Hi, I’m just starting to think about writing some Julia GPU code and am trying to bottom out a few things so would appreciate some pointers. First off, what are the currently preferred packages to use? I’ve Nvidia hardware and some existing Julia code I’d like to convert which I think will probably require writing some custom kernels and performing some FFTs. To me it seems that CUDANative and GPUArrays should be able to cover that. Secondly, from my previous dabblings with GPU code outside of Julia, I already suspect that host-> device (and vice versa) transfer times are going to be a bottleneck. Having a quick google shows that CUDA streams are the way to get async transfers going. CUDANative seems to support these, however I can’t see a way of getting stream support with GPUArrays (or CUArrays) to be able to perform FFTs - is this possible? Finally, are CUDANative and GPUArrays cross compatible? Do they share common types?

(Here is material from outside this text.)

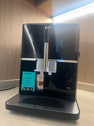 Cafetera superautomática Siemens EQ300 en color negro, molinillo cerámico,espumador de leche, función oneTouch, negro. - Diseño moderno y elegante. - Panel de control intuitivo. - Ideal para disfrutar de un café de calidad en casa.

If you have an NVIDIA hardware, you might consider
CuArrays.jl which is one of the backends of
GPUArrays. It supports FFT (have a look at the
test for example).
CuArrays depends on CUDAnative, so yes they both work together:
CUDAnative if you need the granularity, CuArrays if you are fine with array-based abstractions (which are pretty powerful, as they support broadcasting arbitrary user code). GPUArrays is the vendor-neutral version of these packages which has CuArrays/CUDAnative as a back-end but with vendor-neutral abstractions (covering fewer features though).

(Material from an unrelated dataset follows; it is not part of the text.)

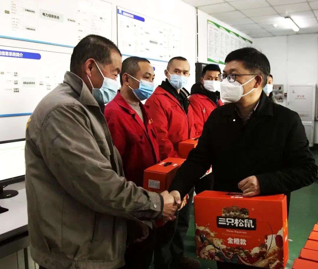 在智能產業園動力站,鄔江看望了長期放棄節假日一直倒班工作的動力站職工,對他們為保障產業園區工廠的動力而嚴謹工作表示感謝,并對他們致以新春的祝福和慰問。

Both are supported by CUDAdrv/CUDAnative, but not by CuArrays yet. If you have compelling use cases, or ideas about API design, feel free to file issues on the CuArrays.jl repository.
Yes, if you pass a GPUArray (CuArray, specifically) to a
@cuda invocation, all should work. The vendor-neutral alternative here is to use GPUArray’s
gpu_call, but as I said not all CUDAnative features are covered by GPUArray’s kernel programming API.
Thanks for the answers. I might have a think about how to add stream support to CuArrays - would it be possible to have a macro that set the stream number for a given code block? Could a similar mechanism to the array bounds checking macros be used or do they require compiler support?. In the mean time, I’m hoping I can use CuArrays as a reference for calling cuFFT directly but add in the code to specify streams. Hopefully I just need to add a call to cufftSetStream.
I haven’t really put much thought in it either, but we’d probably need to maintain a global
current_stream (that defaults to the default stream), and pass that around appropriately (ie. to all libraries we wrap). Or switch streams for the libraries when the user requests it. It’d be smart to have a look at how other array libraries tackle this (eg. ArrayFire).
would it be possible to have a macro that set the stream number for a given code block
Sure, a do-block would probably be sufficient though.